Response: Previously, the FAR limited the use of quick-closeout procedures to instances where only indirect cost rates remain unsettled. This final rule allows the contracting officer to close contracts with unaudited direct costs and unsettled indirect cost rates. The intent of the rule is to increase the use of quick-closeout procedures for instances involving relatively insignificant amounts of unaudited costs under certain circumstances. DCMA's deviation does not allow the contracting officer to close out contracts without audit of all direct costs. The contracting officer's risk assessment plan includes coordination with the cognizant auditor. There is no need for a definition of “unsettled direct costs” because unsettled direct costs are identified on a case-by-case basis.

J. Timelines for the Government

The final rule implements the changes published in the proposed rule, without further amendments in response to the comments in this category.

Comment: One respondent states that the “provision at FAR 42.705-1(b)(ii) does not state a time limitation for the auditor to make a written determination of adequacy.” Also, according to the respondent, time limitations should be established for completing audits.

Another respondent states that the Government needs to emphasize its role, including timely finalization of indirect rates, which includes DCAA completing audits of indirect costs proposals and administrative contracting officer's settling rates, signing off on reports, doing plant clearances, etc. Another respondent states that the rule does not define time requirements which all parties, not just contractors, must meet.

Response: Timelines should not be instituted for auditors to make a written determination of adequacy or for completion of audits, and for administrative contracting officers to settle rates, sign off on reports, do plant clearances, etc., in order to ensure quality and allow flexibility, based on the size and complexity of each contract.
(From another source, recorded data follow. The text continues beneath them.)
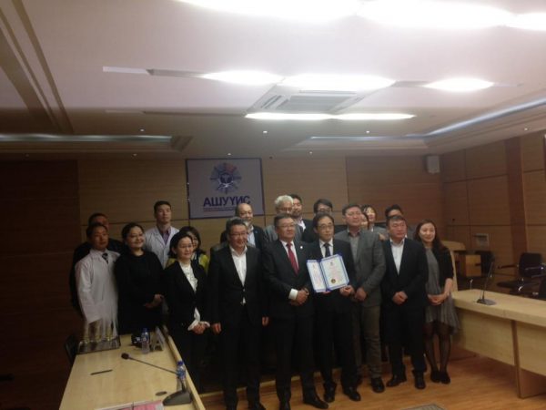 АШУҮИС-ийн эрдмийн танхимд 2017 оны 5 сарын 12-ны өдөр БСНУ-ын Анагаах ухааны Халлюмын Их сургуулийн профессор Сан Со Ле-д Монгол улсын АШУҮИС-ийн “Зочин профессор”-ын өргөмжлөл гардууллаа.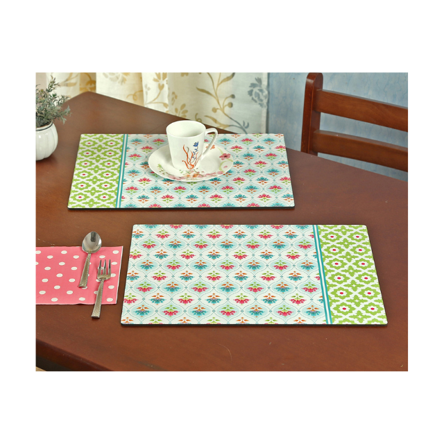 Contemporary Stripe Cotton Yeloow Butta Table Mats 13x18 Inches Basket Weave 210 GSM GOTS Certified Embroidered OEM ODM India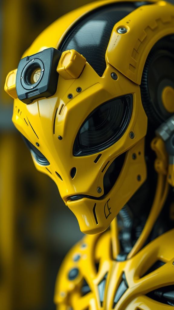 A masterpiece of superior quality showcasing a yellow and black alien 3D model, inspired by surreal cyberpunk iconography. This close-up shot captures the essence of steelpunk and dieselpunk aesthetics, employing techniques akin to photobashing. The image, shot with a Leica R8, boasts 8k resolution, UHD, and HDR for unparalleled clarity and detail. The visual experience is intentionally free from flaws such as low quality, blurriness, cropping, low resolution, jpeg artifacts, and unwanted elements like text, signatures, or any identifying marks. A single, focused perspective is maintained, ensuring nothing is out of frame for a captivating view.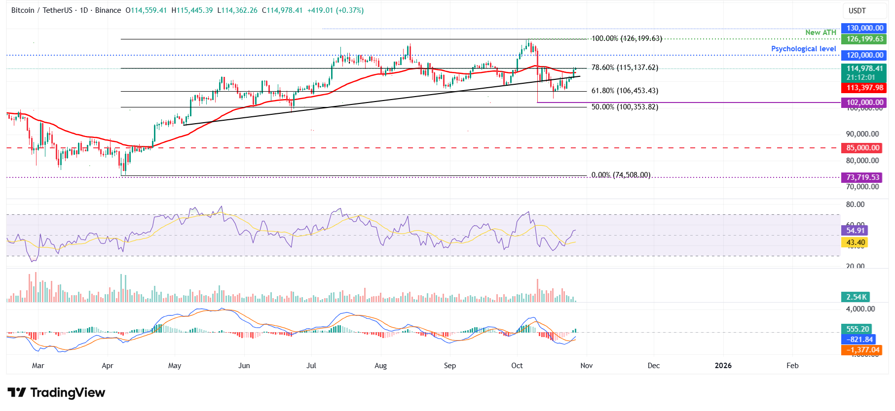 El precio del Bitcoin encontró soporte alrededor del nivel de retroceso de Fibonacci del 61.8% (dibujado desde el mínimo de abril de 74.508 $ hasta el máximo histórico de 126.199 $) en 106.453 $ el miércoles. BTC subió un 6.57% en los siguientes cuatro días y cerró por encima de la Media Móvil Exponencial (EMA) de 50 días en 113.397 $. Al momento de escribir el lunes, BTC cotiza por encima de 114.975 $, acercándose a la resistencia clave en 115.137 $.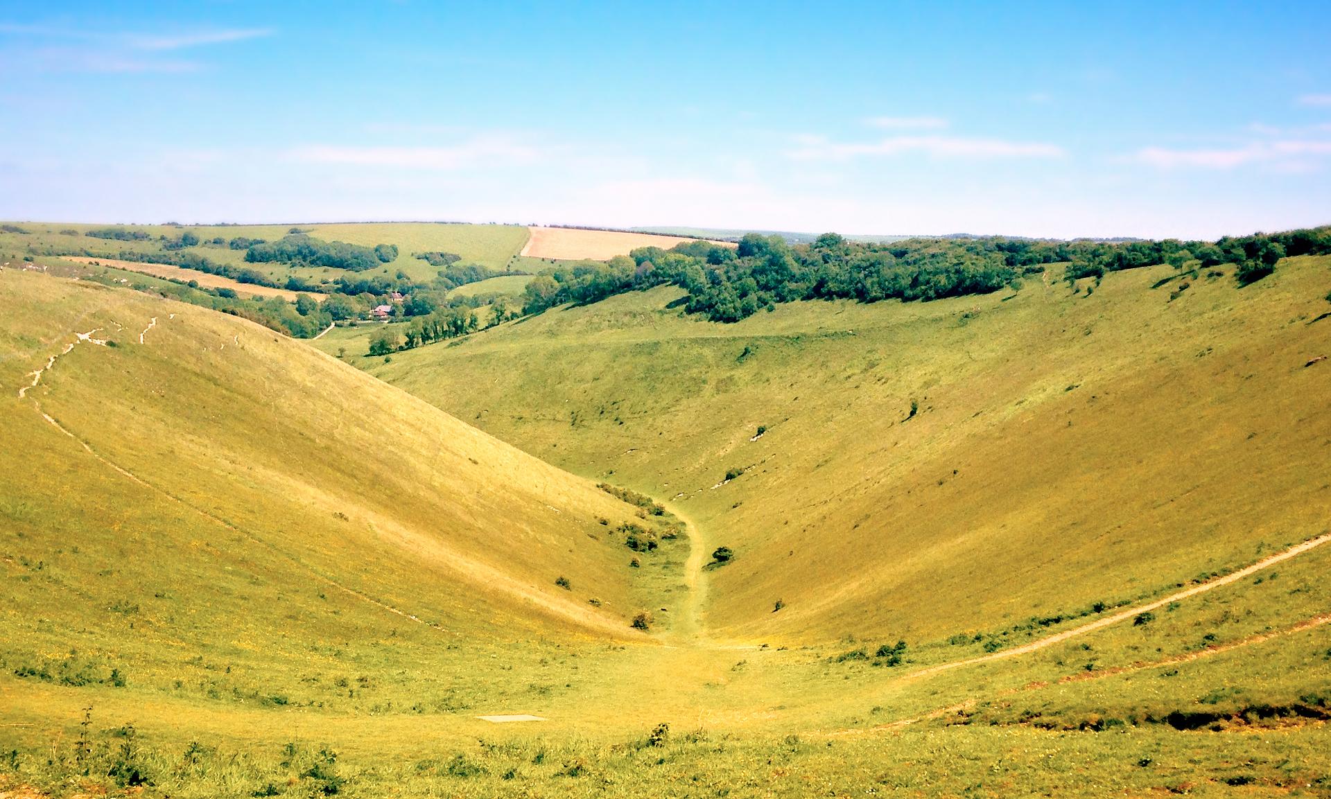 This is the Devil’s Dyke, the longest, deepest and widest dry valley in Britain. It’s a perfect 'V' shape, a graceful gorge carving its way sinuously through the hills with steep, curving slopes on either side. But there’s something missing. You would normally expect a river to have carved out a deep valley like this one, but the Dyke is completely dry. Where is the water?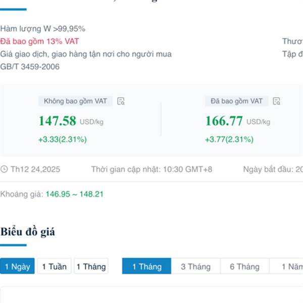 Giá cập nhật hôm nay 24.12 vonfram tăng 2.31%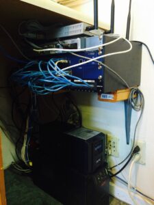 Prior IT guy cut the networking infrastructure wires and then had to add switches to re-connect everything. Why he cut the wires? I am not sure… that is part of the reason I believe they brought me in. I removed the switches and installed patch panels. Before if the power went out the entire network in this office went down. This way we only needed UPS’s in the server closet to keep everything running. All user devices were laptops. First three are before and last is the after.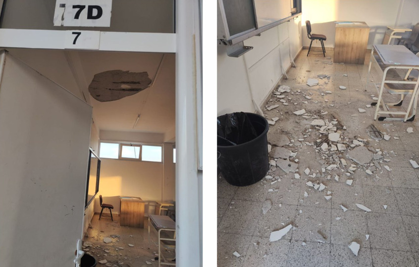 Kıbrıs Türk Orta Eğitim Öğretmenler Sendikası (KTOEÖS), tavanı çöken sınıfın fotoğraflarını sosyal medya hesabından duyurdu.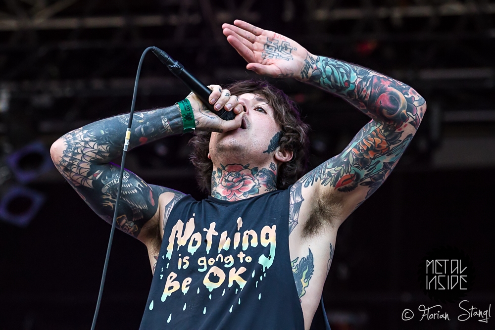 BRING ME THE HORIZON waren im Anschluss nicht unbedingt besser als BEHEMOTH, aber sie passten einfach besser zur Mehrheit der WFF-Besucher und räumten gnadenlos ab. Nicht nur direkt vor der Bühne ging die Party ab, sondern bis weiter hinters FOH herrschte Ausnahmezustand. Dass kurz nach dem Auftritt das Festivalgelände in eine dichte Staubwolke gehüllt war, dürfte dem kollektiven Hüpfen zehntausender Fans zu verdanken gewesen sein.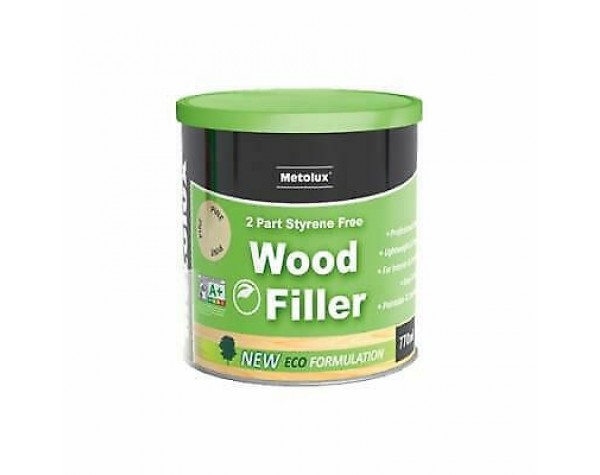 Metolux 2 part styrene free wood filler is a pre-coloured, high performance, two component polyester filler that provides a tough, long lasting repair to all woods. Once mixed, the filler sets hard to a shatterproof finish in approximately 30 minutes (for deep fills) and may be drilled, carved or planed once dry. The system is weather proof for both interior and exterior use, typical applications include:- Repairing wood damaged by wet rot. General wood filling in window sills and frames, doors and door frames, banisters, MDF etc. Furniture repairs. Repair of wooden constructions including some marine applications. Grain filling and repairs to shakes, cracks, splits and knot holes.

Comment: One respondent does not believe that the proposed rule will achieve any predictable reduction of time or resources associated with contract closeout.

Response: This rule clarifies the contract closeout process.

K. Regulatory Flexibility Act

Comments: One respondent questions the statement within the Regulatory Flexibility Act section of the preamble to the proposed rule that the rule is intended to “clarify and streamline” closeout procedures. The respondent further suggests that adoption of the DCAA Model Incurred Cost Proposal rate is not justified. Another respondent does not agree that the rule will not have a significant impact on a substantial number of small entities. The respondent believes that the numbers of schedules and the imposition of a six-month time constraint will have significant impact on small businesses. The third respondent also strongly disagrees with the conclusion that the proposed rule will not have a significant economic impact on a substantial number of small entities. Requiring preparation and submittal of DCAA's Model Indirect Cost Proposal rate and withholding fees, the proposed rule will have a significant economic impact on a substantial number of small entities. The respondent encourages the Councils to prepare and make available for public comment an initial regulatory flexibility analysis.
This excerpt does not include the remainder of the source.